で、残り5分くらいだったが、せっかく来たので会場をザッとまわる。澤口書店が黒っぽい棚で、初日には掘り出し物があれこれあったと聞く。しかしゆっくり見ている時間はなく、2点のみ。

f:id:taqueshix:20200329033407j:plain

長谷川郁夫「美酒と革嚢」(河出書房新社)カバ帯2200円

小尾俊人「出版と社会」(幻戯書房)カバ帯2500円

これは目録注文品。両方とも買って読みたかったが、なかなか相応の定価に手が出せなかったもの。安く入手できて嬉しい。

それから、会場で買った2点にくわえ、今週ネットで買った古書も記しておく。

f:id:taqueshix:20200329033808j:plain

f:id:taqueshix:20200329033505j:plain

「特別号(附)」カード11枚帙500円

サンデー毎日昭和3年300円

斎藤光次郎「青騎士前後」(名古屋豆本)昭和43年5月31日限定2380円

幸田成友「番傘・風呂敷・書物」(書物展望社昭和14年6月18日再版凾欠1260円

末松謙澄訳「谷間の姫百合(一)」(金港堂)明治21年11月14日校正再版

末松謙澄訳「谷間の姫百合(二)」(金港堂)明治21年12月21日初版、2冊揃100円

「特別号(附)」というのは何だかよくわからないのだが、おそらくは昭和初期の梅原関連で別途読者に配布された附録であろう。内容は無修正のたぶんフランスのエロチックポストカードかと思われる。この程度のものを当時秘密裏に頒布していたのかという資料として。それから「サンデー毎日」は、名越国三郎の絵のため。この辺はきりがないが。この2点が会場で買ったもの。

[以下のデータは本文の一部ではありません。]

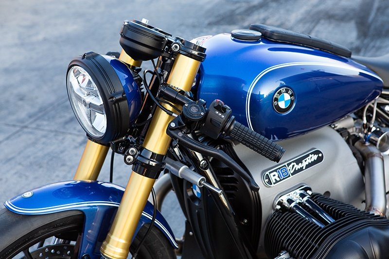 7. El acabado de la pintura es de un azul metálico de dos tonos con rayas clásicas en blanco y negro de BMW por el pintor Chris Wood de Roland Sands.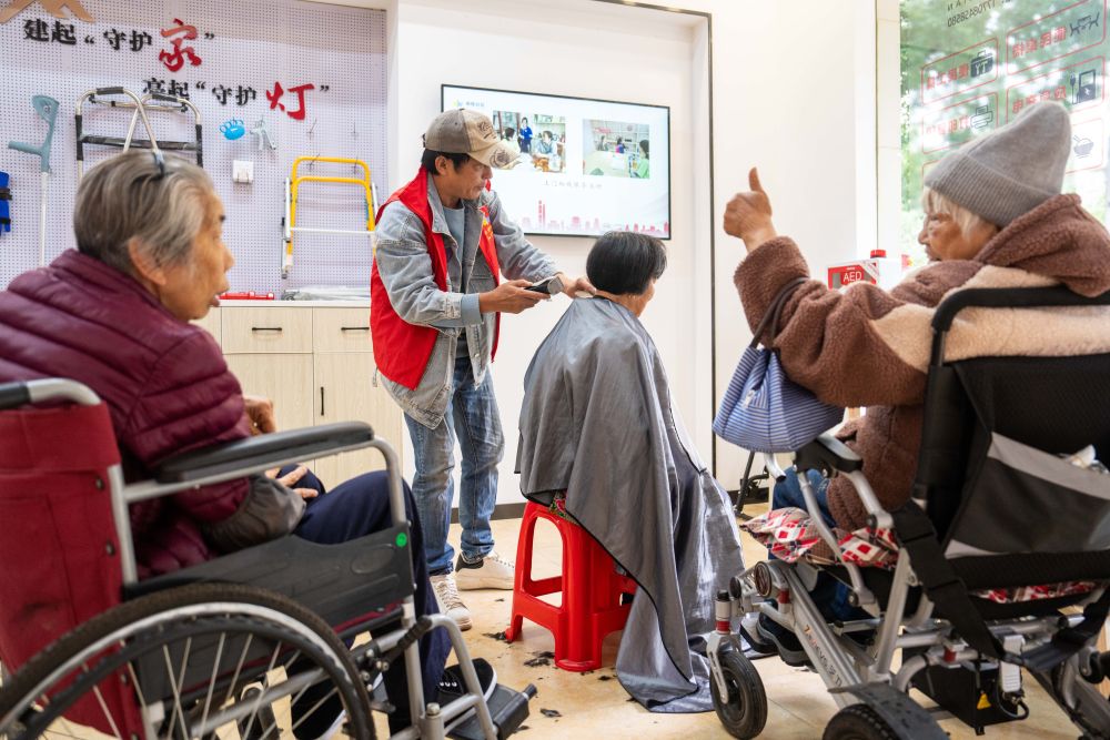 2025年11月6日,在湖南省長沙市望城區(qū)高塘嶺街道湘陵社區(qū),志愿者為老年人和殘疾人士免費理發(fā)。新華社記者 陳思汗 攝

名古屋豆本は、今執筆している原稿のために必要で、なくなく日本の古本屋で注文したもの。これでしか見たことのない情報が出ていて、まあ元は取ったか。奥付には「名古屋豆本 別冊企画本その第1集」とあるが記番のあるところは番号がなく、限定何部なのかもわからない。発行は名古屋タイムズ気付亀山巌友の会。

あとの2点はネットオークションにて。幸田の本は書物関係でちょっと面白い記事がありそうということで。

締切目前の原稿が終わらない、確定申告まだやってない、4月からの準備等々、とてもではないけれども、家に籠もってあれこれやらなければならず、病気に罹患する余裕は一ミリとてもない。